Young Mr. Stamann apparently didn’t know that he could go between green and red on his coaster.
“I had it on green all night,” he said.
Obviously, the next day was a little rough for “The Spartan,” and by the time round two rolled around, he was a shell of the fighter he was on Friday morning.
“I kind of shot myself in the foot and my body just wasn’t responding,” Stamann said. “That first round I went out there, I felt great. The second round I started to fade and I didn’t have the energy. As an athlete, I made mistakes in that fight, but more than the mistakes, it was my gas tank that really let me down. I was a Ferrari that ran out of gas. And Sterling being a veteran and one of the best in the world, he took full advantage of it.”
Sterling submitted Stamann in the second round, snapping the 29-year-old’s 10-fight winning streak and handing him his first Octagon defeat. Forced back to the drawing board as 2018 closed, Stamann was waiting for a call for his next fight when Song Yadong was forced to withdraw from his UFC 235 bout against Alejandro Perez.
Stamann didn’t take long to take the fight.
“I found out that Alejandro Perez needed an opponent and he’s a guy I’ve been wanting to fight for a while now anyways,” he said. “He’s a ranked opponent, someone I was familiar with, I asked where the fight was at, they said Vegas and I said, ‘Yep, send me the contract.’”
Las Vegas has become a second home and a good luck charm, as it’s been the site of all three of Stamann’s UFC wins. And as another little piece of trivia, all four (now five) of his UFC bouts have been on pay-per-view events.
“Sorry, I only do pay-per-views,” he laughs, but there is something to be said for being around the big fight atmosphere that comes along with the numbered events.
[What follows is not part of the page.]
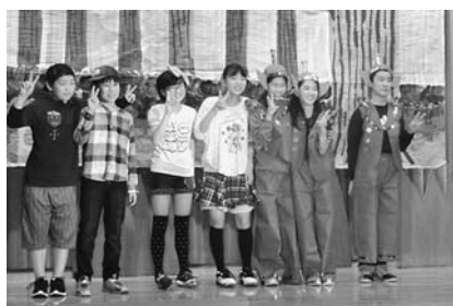
写真④ 6年劇 「宇宙人との約束」 7名の6年生 最高学年の力量発揮！

“The media is different, the amount of fans that are there, there’s definitely a different energy when it’s a pay-per-view show,” he said. “The atmosphere is completely different when we’re talking pay-per-view in comparison to a Fight Night.”
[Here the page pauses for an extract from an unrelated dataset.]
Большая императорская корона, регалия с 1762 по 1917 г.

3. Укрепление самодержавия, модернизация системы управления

And at this point, it’s almost second nature for him to be in the eye of the hurricane.
“It’s a good distraction,” Stamann said. “You’ve got to cut weight, you’ve got a fight coming up, and it’s nice to have that as a distraction. I’m entertaining myself by doing these interviews and talking about the fight. It doesn’t really get me emotional either way, and I do enjoy it.”
It’s all the more reason to take the short notice assignment, but Perez, who is 6-0-1 in his last seven, isn’t exactly someone other bantamweights are lining up to fight. Stamann isn’t like other bantamweights, though.
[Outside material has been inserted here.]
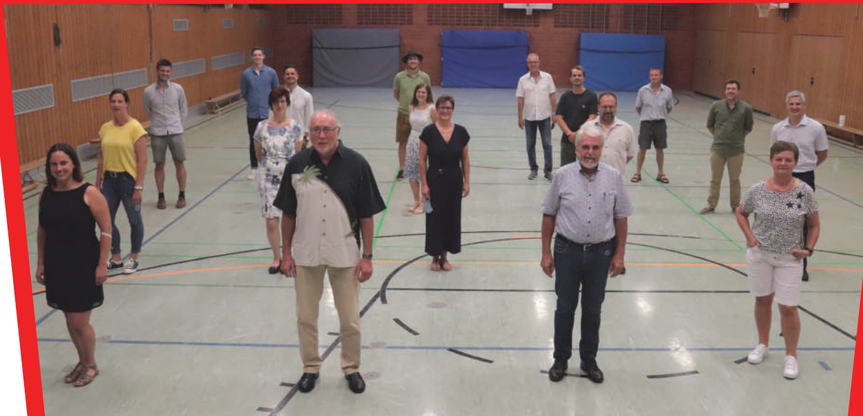
Die aktuelle Vorstandschaft vom Turnverein Prittriching.

“When his name popped up, there was really no hesitation for me,” he said of Perez. “I wasn’t looking at his notoriety or anything else. What the stage was that I was fighting him on and the number next to his name, those were the things I was looking at. I don’t really care who Perez has beat; I don’t really think he’s fought anyone on my level. I know so many guys say that, but it’s the truth. I’m fighting guys that are the staples in the bantamweight division and everyone knows who they are. I don’t think Perez is one of those guys. Maybe someday he will be, but it will be after he has a comeback fight after getting his ass whupped by me.”
It’s obvious that Stamann’s confidence wasn’t dented by his first loss since 2014. In fact, watching Sterling beat Jimmie Rivera last month cemented his feelings that he’s on the right track to the top of the division.
“That fight (Sterling-Rivera) gives me a lot of confidence,” he said. “Anytime you lose to somebody, there’s that doubt that creeps into your mind, especially with how good I felt going into that. Do I have what it takes to be the best? And after watching that fight, it reassured what I already knew and that was yes, I absolutely have what it takes to compete with the top five in the division and I think I’ll be a guy to contend for the belt someday. I really believe it and I wouldn’t put myself through this misery leading up to a fight if I didn’t believe that I could be one of the best guys on the planet. I have more work to do, I’ve got to get better and I will.”